A woman abandons her husband in An Anonymous Story, and moves in with her half-hearted lover. Her humiliation is shrewdly documented by the narrator, a revolutionary working as a footman.

In his plays and his stories, Chekhov created remarkable characters. The most unforgettable of all is Dr Andrey Yefimitch, in Ward No 6, a huge man with the body of "an overfed, intemperate and harsh innkeeper on the high road . . . but his step is soft, and his walk cautious and insinuating; when he meets anyone in a narrow passage he is always the first to stop and make way." Yefimitch's squalidly magnificent descent into despair is one of Chekhov's finest achievements.

Suffering ill-health throughout his life, the consumptive Chekhov was odd, emotionally evasive, a romantic, a realist, an outsider. He was courageous, travelling through Siberia to investigate and report on the penal colony on Sakhalin Island, by interviewing the inmates, criminals and political prisoners.

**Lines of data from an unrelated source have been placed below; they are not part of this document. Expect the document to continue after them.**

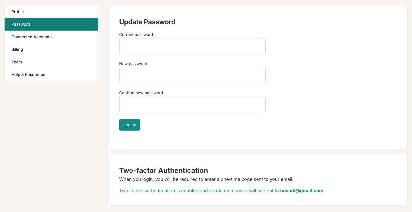 You can update your account password at any time from the Password settings page. Your current password is required to confirm the change.
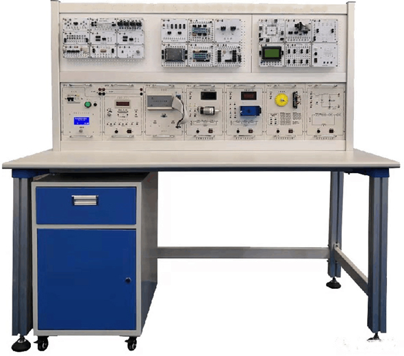 實訓臺主要有實訓桌和實訓臺架組成,實訓桌采用型材結構,桌腿采用4080型材,桌面為防火、防水、耐磨高密度板,結構堅固,造形美觀大方。面板采用鋁板結構,操作面板文字符號用現(xiàn)代彩色噴描技術處理,具有防塵、美觀、耐磨、不掉色等特點。
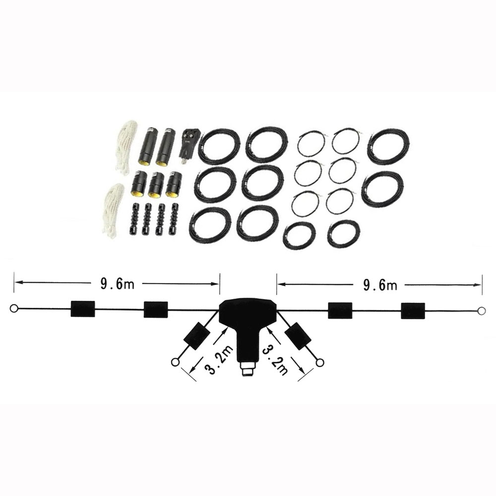 Longueur totale : environ 19,2 m, ce qui est assez compact pour une antenne couvrant ces bandes.
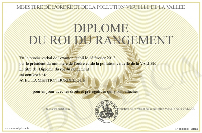 Envoyez par email votre Diplôme du roi du rangement personalisé
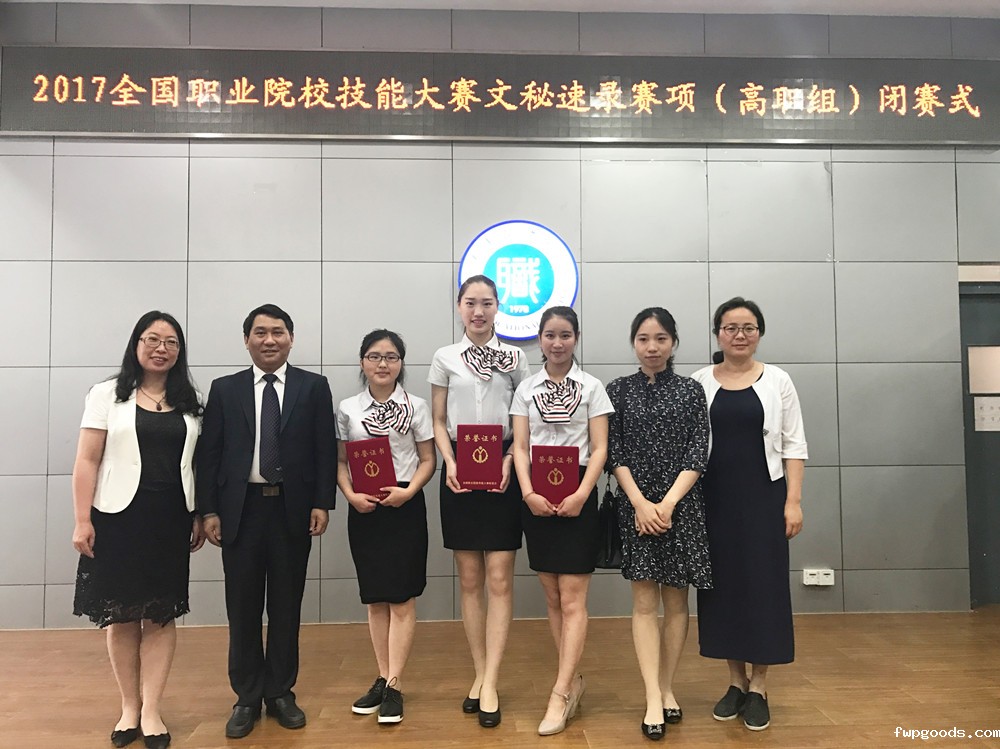 5月10日,2017年全国职业院校技能大赛“亚伟杯”文秘速录专业技能赛项在天津落下帷幕,在斯静亚、马小敏、郭倩倩三位老师的悉心指导下,我校文秘专业章丹丹、钱淑敏、诸辰辰三位同学组成的代表队荣获团体二等奖。
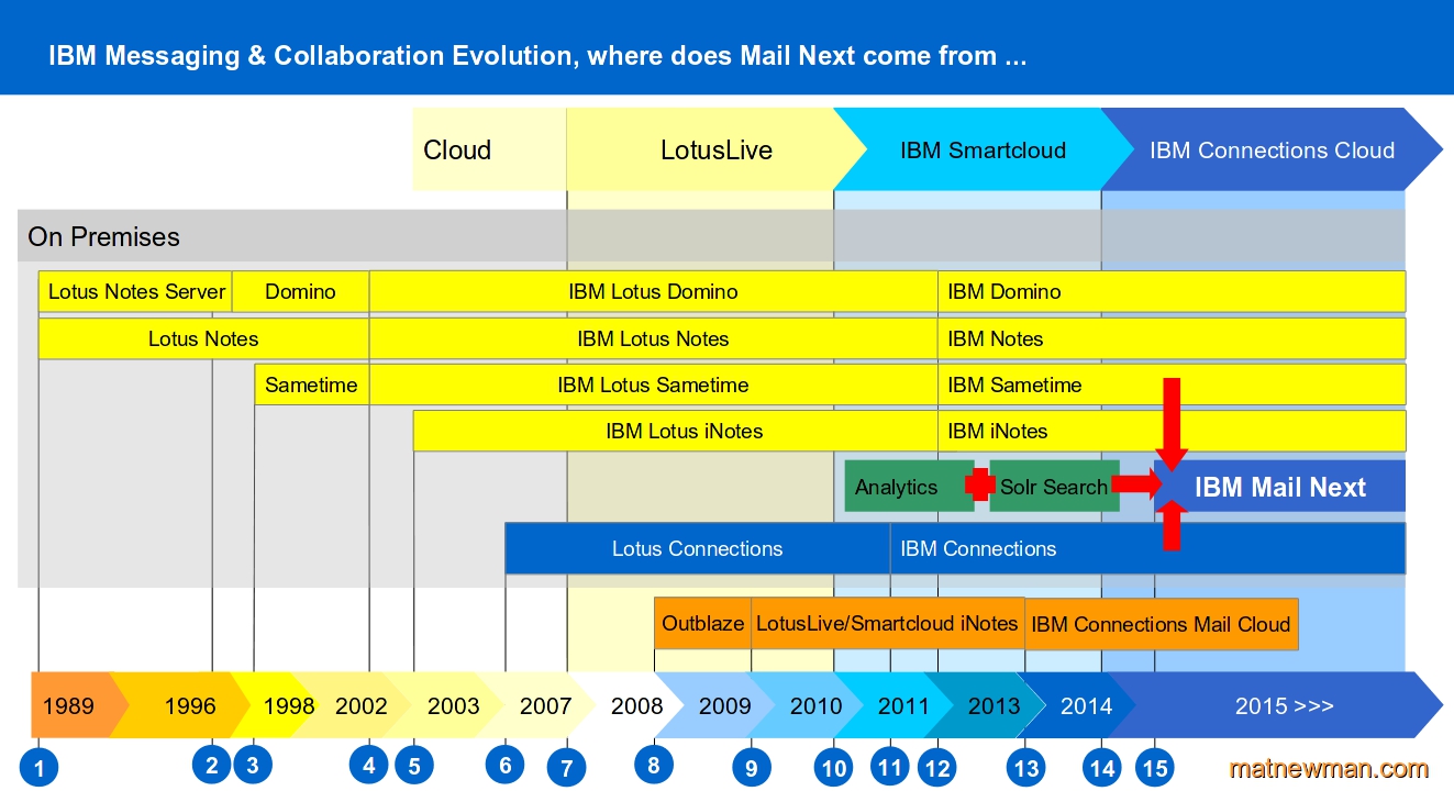 | 15 | 2015 The convergence of Messaging & Collaboration and Enterprise Social platforms, backed by powerful Analytics capabilities, and tightly integrated Search, IBM's Mail.Next interface is released for General Availability. |

Chekhov died in a German spa in July 1904, aged 44, following two heart attacks, six months after seeing his final work, The Cherry Orchard, premiered. His wife, actress Olga Knipper, whom he had finally married in 1901, played Ranyevskaya, having also been the original Arkadina ( The Seagull), Yelena ( Uncle Vanya) and Masha ( Three Sisters). Dramatist or story writer? Chekhov was both, a consummate artist who looked into the soul of men to sigh with pity, compassion and understanding.

Essential Chekhov

Ward No 6- one of the finest short stories ever written.

The Lady and the Dog- love at its most bewildering.

Three Sisters- life as a prison, hope as an illness.

An Anonymous Story- brilliant, filtered through an all-seeing narrator.

The Cherry Orchard- black comedy about the death of the old Russia and the emergence of a terrifying new one.